For all their early gender-bending pretensions - Annie Lennox's butch androgyne caricature, lyrics about nasty sex and fascism - the Eurythmics' claim to artistic credibility never entirely convinced; those brooding album covers shoots and faux-Orwellian videos sitting uneasily beside their saccharine sub-Pretenders singalongs. It's hardly surprising then that this comeback tour sees the duo succumb to the hoary rock star's equivalent of senile dementia: the love and peace vibe.
In the foyer, we are overwhelmed with Amnesty International literature.

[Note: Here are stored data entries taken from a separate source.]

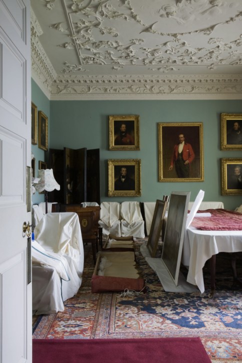 The Dining Room with dust covers over the chairs and table, and paintings off the wall, during the winter months of housekeeping at Florence Court, Co. Fermanagh, Northern Ireland.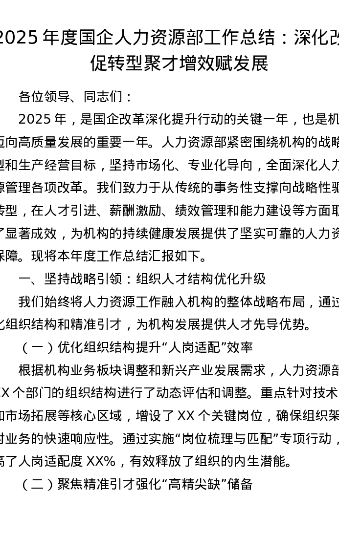 2025年度国企人力资源部工作总结:深化改革促转型 聚才增效赋发展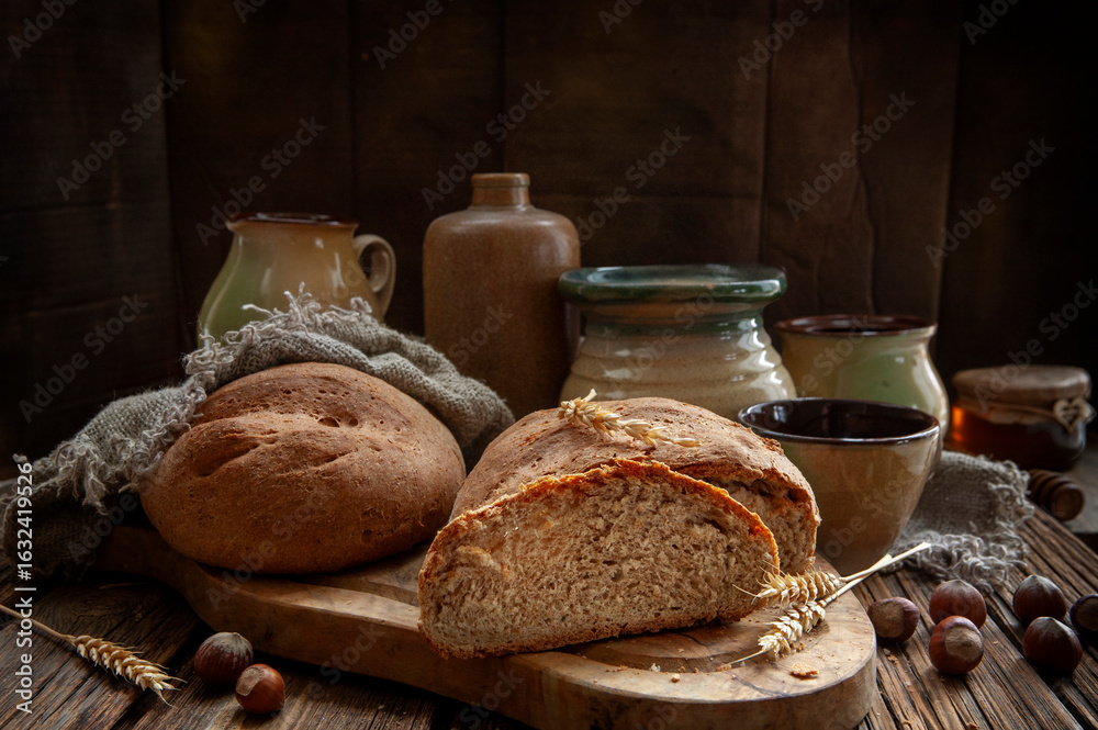 Homemade wheat bread and vintage ceramic kitchenware. Artistic Still Life in Vintage Style.

Further on, hulking video screens loom over the stage, urging the audience - with overtones of dystopian menace oddly redolent of 1984 - to "make a difference". How? By sending money to Greenpeace - silly! Later on Lennox will tell us she thinks the Northern Ireland Peace process is a great idea. Cheers Annie. We'll pass it on.
Beneath all the matey earnestness and flower waving, the Eurythmics remain a clever pub band made good, a sexless Depeche Mode for the cappuccino supping Ben Sherman clad masses.
Thorn in my Side remains the best slush-core anthem Chrissie Hynde never wrote. There Must be an Angel - stripped down to a skeletal essence during a brief mid-show acoustic hiatus - is, depending on your stomach for bubblegum sentimentality, either genuinely affecting or a load of maudlin old tripe. Only Sweet Dreams, tonight's send 'em home happy showstopper, retains its dignity. Buzzsaw sequencers. Blunted Kraftwerk vocals. Nice. The new stuff rapidly coalesces into an indistinguishable ooze of mushed-up bass lines and blustering keyboards while Lennox does herself few favours by attempting to sing Danny Boy just before the final curtain.